* **ACTION ITEM**: Please give the entries below again exactly, omitting every picture.

★ ★ ★ ★ ★ ★ ★

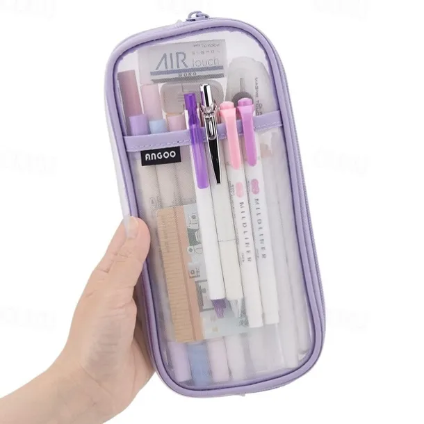 EASTHILL Grid Mesh Pen Pencil Case with Zipper Clear Makeup Color Pouch Cosmetics Bag Multi-Purpose Travel School Teen Girls Transparent Stationary Bag Office Organizer Box for Adluts(Pink)
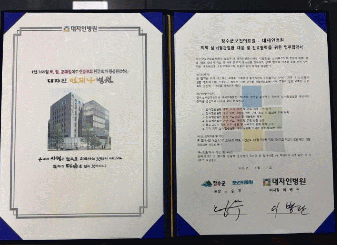 À̹ø Çù¾àÀ» ÅëÇØ ±ºÀº Áö¿ª ³» ½É³úÇ÷°üÁúȯ ȯÀÚÀÇ °ñµçŸÀÓ È®º¸´Â ¹°·Ð Àü¹® ÀÇ·á±â°ü°úÀÇ À¯±âÀûÀÎ Çù·ÂÀ» ÅëÇØ Ä¡·á ¼º°ø·üÀ» ³ôÀÌ°í ±º¹ÎÀÇ °Ç° ¾ÈÀü¸ÁÀ» ÇÑÃþ °ÈÇÒ ¼ö ÀÖÀ» °ÍÀ¸·Î ±â´ëÇϰí ÀÖ´Ù.
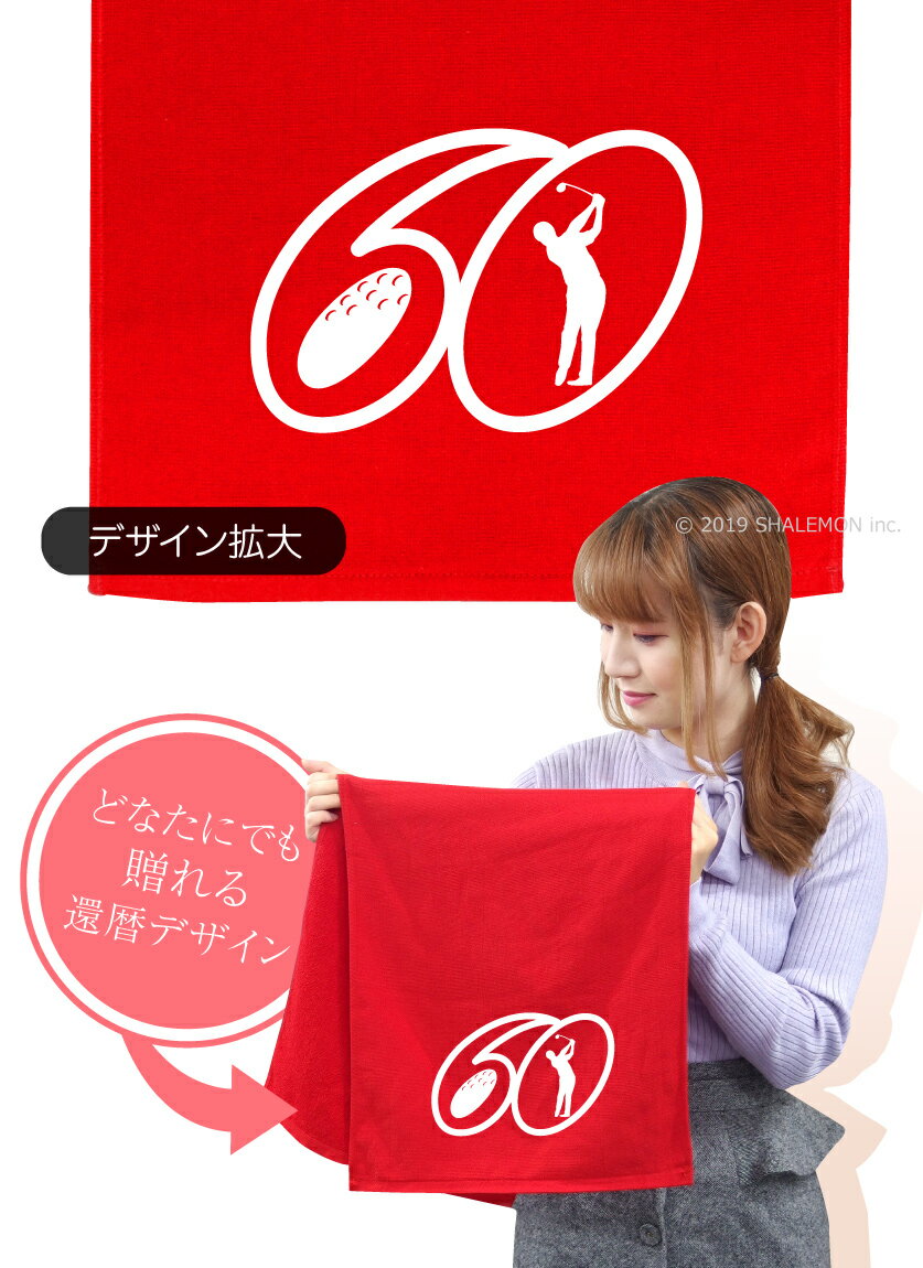 男女ともに使えるデザインの還暦祝い用タオルです。
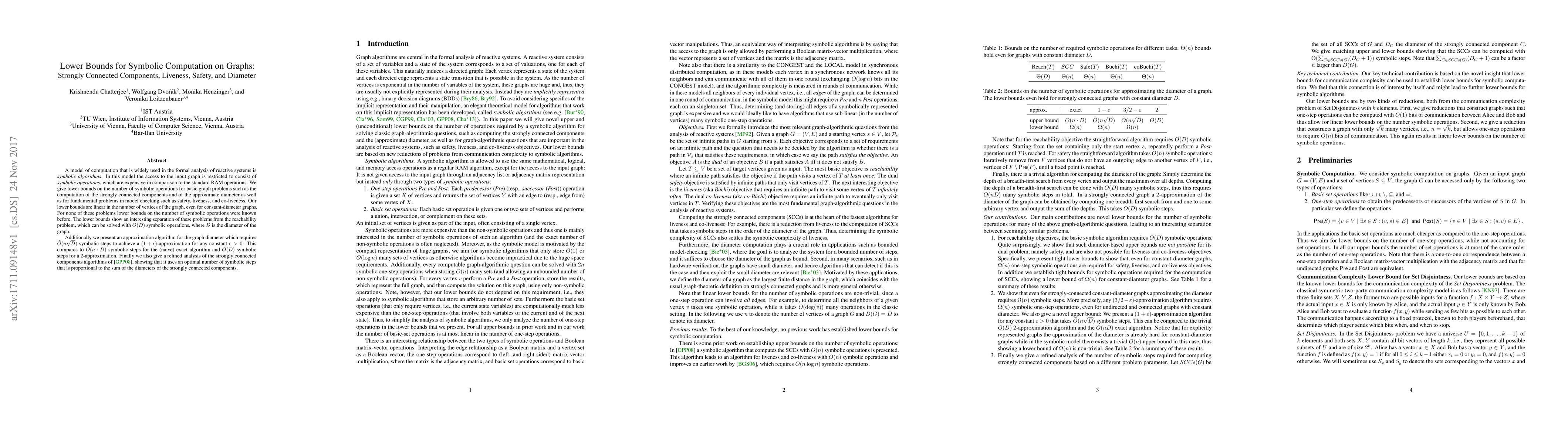 A model of computation that is widely used in the formal analysis of reactive systems is symbolic algorithms. In this model the access to the input graph is restricted to consist of symbolic operations, which are expensive in comparison to the standard RAM operations. We give lower bounds on the number of symbolic operations for basic graph problems such as the computation of the strongly connected components and of the approximate diameter as well as for fundamental problems in model checking such as safety, liveness, and co-liveness. Our lower bounds are linear in the number of vertices of the graph, even for constant-diameter graphs. For none of these problems lower bounds on the number of symbolic operations were known before. The lower bounds show an interesting separation of these problems from the reachability problem, which can be solved with $O(D)$ symbolic operations, where $D$ is the diameter of the graph. Additionally we present an approximation algorithm for the graph diameter which requires $\tilde{O}(n \sqrt{D})$ symbolic steps to achieve a $(1+\epsilon)$-approximation for any constant $\epsilon > 0$. This compares to $O(n \cdot D)$ symbolic steps for the (naive) exact algorithm and $O(D)$ symbolic steps for a 2-approximation. Finally we also give a refined analysis of the strongly connected components algorithms of Gentilini et al., showing that it uses an optimal number of symbolic steps that is proportional to the sum of the diameters of the strongly connected components.
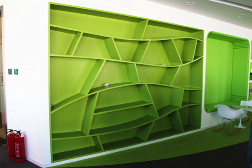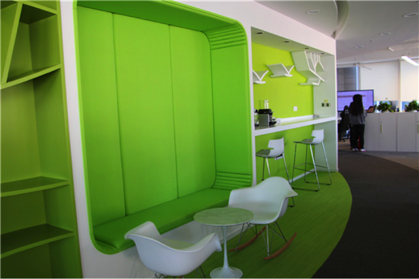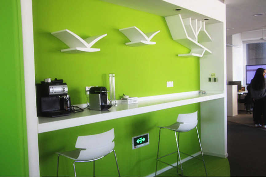 一起作業(yè)網(wǎng)6層的主題是“樹”,因而以綠白為主色調,上圖中的書架、休息區(qū)、咖啡區(qū)背景墻的顏色都是綠色,看上去賞心悅目,而且綠色有助于緩解視疲勞。在吧臺上,有咖啡機和面包機,墻上精心放置小型書架,員工可以邊看邊吃。
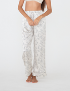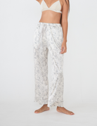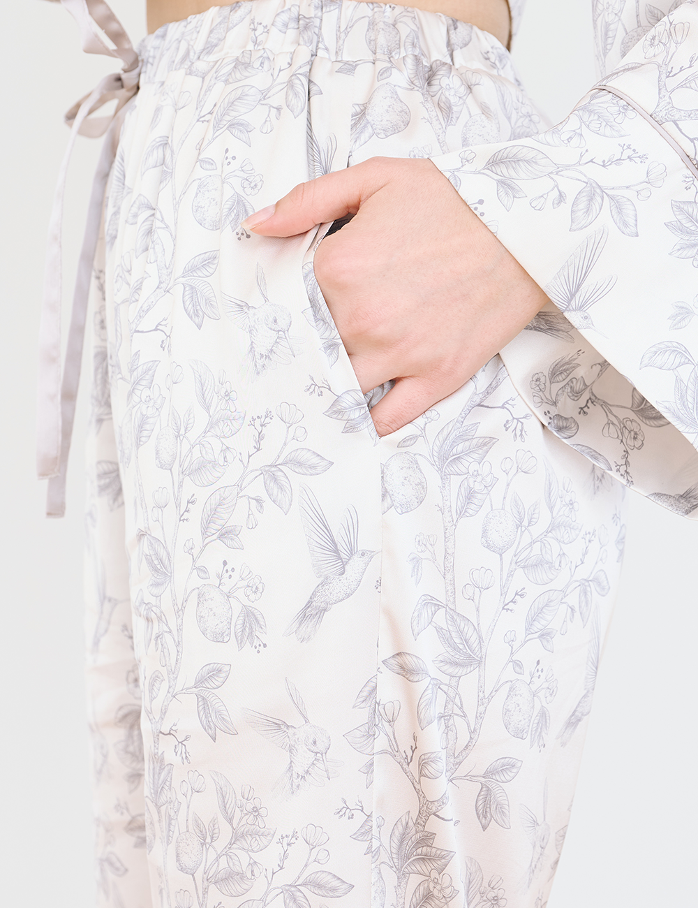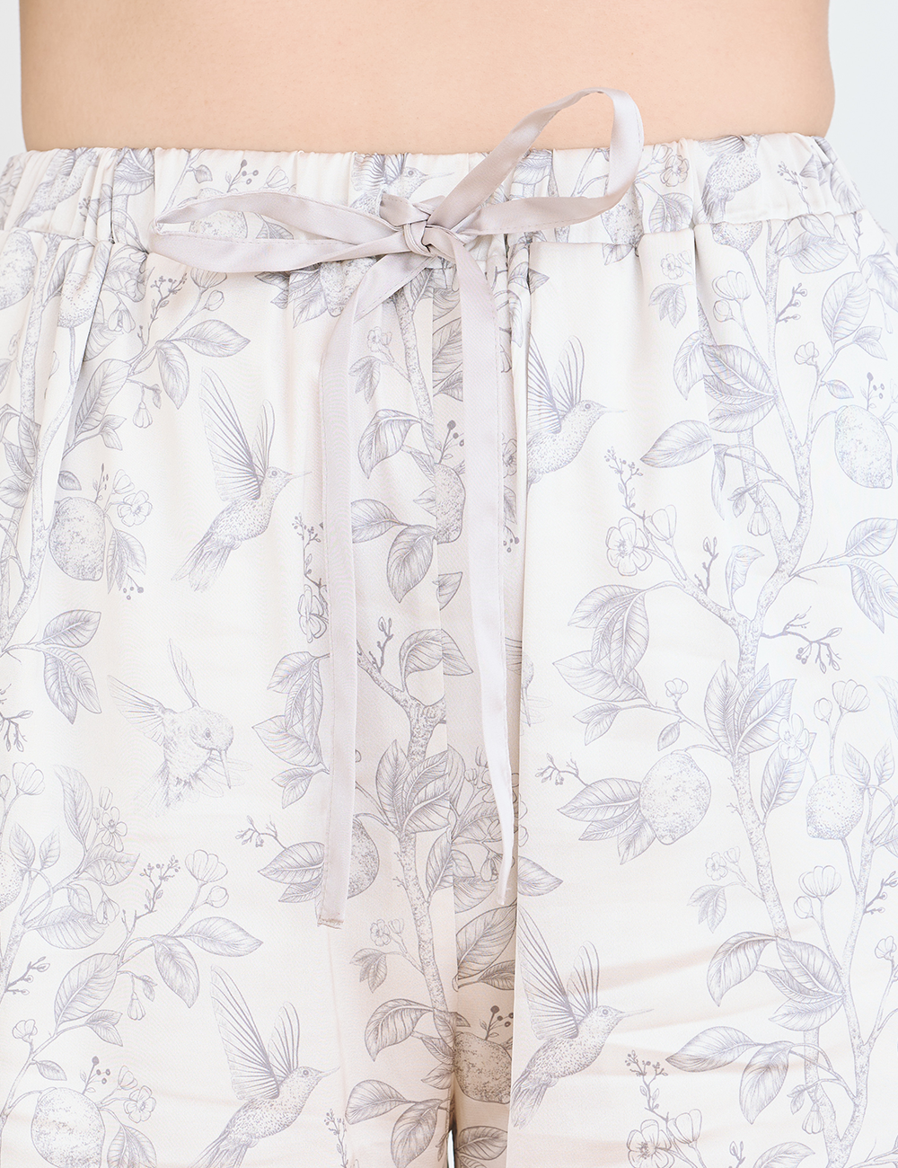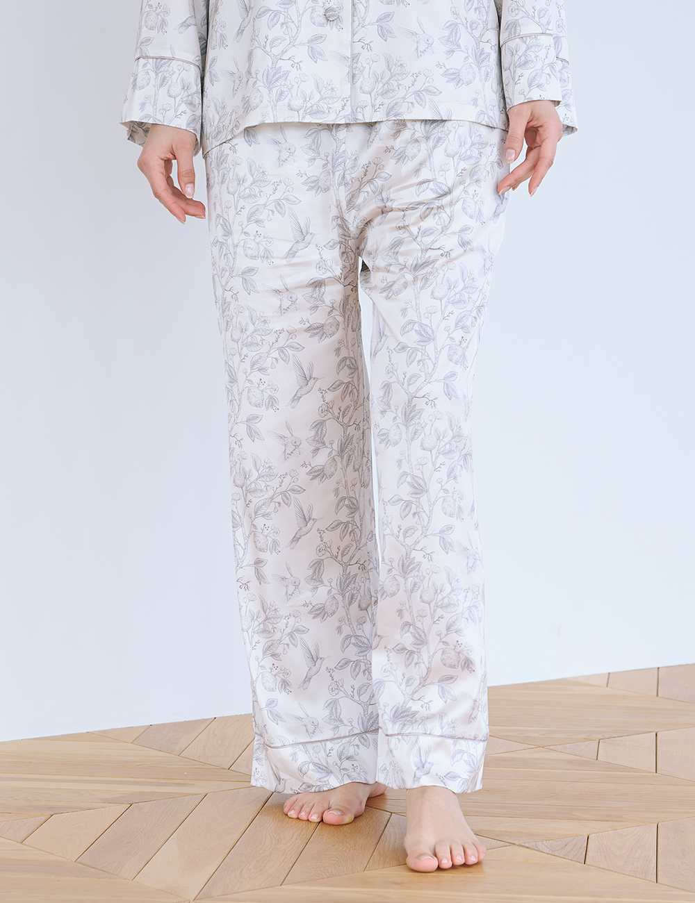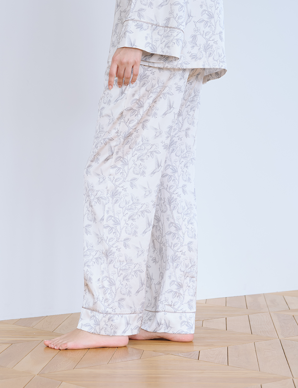 快適さとエレガントさを兼ね備えたサテンパンツ。ウエストはゴム仕様で、ゆったりとしたシルエットがリラックスした着心地を提供。寝返りを打つたびにストレスフリーで、まるで羽のように軽やかな着用感が広がります。

★ ★ ★ ★ ★ ★ ★

* **TASK OUTPUT**:
 EASTHILL Grid Mesh Pen Pencil Case with Zipper Clear Makeup Color Pouch Cosmetics Bag Multi-Purpose Travel School Teen Girls Transparent Stationary Bag Office Organizer Box for Adluts(Pink)
 À̹ø Çù¾àÀ» ÅëÇØ ±ºÀº Áö¿ª ³» ½É³úÇ÷°üÁúȯ ȯÀÚÀÇ °ñµçŸÀÓ È®º¸´Â ¹°·Ð Àü¹® ÀÇ·á±â°ü°úÀÇ À¯±âÀûÀÎ Çù·ÂÀ» ÅëÇØ Ä¡·á ¼º°ø·üÀ» ³ôÀÌ°í ±º¹ÎÀÇ °Ç° ¾ÈÀü¸ÁÀ» ÇÑÃþ °ÈÇÒ ¼ö ÀÖÀ» °ÍÀ¸·Î ±â´ëÇϰí ÀÖ´Ù.
 男女ともに使えるデザインの還暦祝い用タオルです。
 A model of computation that is widely used in the formal analysis of reactive systems is symbolic algorithms. In this model the access to the input graph is restricted to consist of symbolic operations, which are expensive in comparison to the standard RAM operations. We give lower bounds on the number of symbolic operations for basic graph problems such as the computation of the strongly connected components and of the approximate diameter as well as for fundamental problems in model checking such as safety, liveness, and co-liveness. Our lower bounds are linear in the number of vertices of the graph, even for constant-diameter graphs. For none of these problems lower bounds on the number of symbolic operations were known before. The lower bounds show an interesting separation of these problems from the reachability problem, which can be solved with $O(D)$ symbolic operations, where $D$ is the diameter of the graph. Additionally we present an approximation algorithm for the graph diameter which requires $\tilde{O}(n \sqrt{D})$ symbolic steps to achieve a $(1+\epsilon)$-approximation for any constant $\epsilon > 0$. This compares to $O(n \cdot D)$ symbolic steps for the (naive) exact algorithm and $O(D)$ symbolic steps for a 2-approximation. Finally we also give a refined analysis of the strongly connected components algorithms of Gentilini et al., showing that it uses an optimal number of symbolic steps that is proportional to the sum of the diameters of the strongly connected components.
 一起作業(yè)網(wǎng)6層的主題是“樹”,因而以綠白為主色調,上圖中的書架、休息區(qū)、咖啡區(qū)背景墻的顏色都是綠色,看上去賞心悅目,而且綠色有助于緩解視疲勞。在吧臺上,有咖啡機和面包機,墻上精心放置小型書架,員工可以邊看邊吃。
 快適さとエレガントさを兼ね備えたサテンパンツ。ウエストはゴム仕様で、ゆったりとしたシルエットがリラックスした着心地を提供。寝返りを打つたびにストレスフリーで、まるで羽のように軽やかな着用感が広がります。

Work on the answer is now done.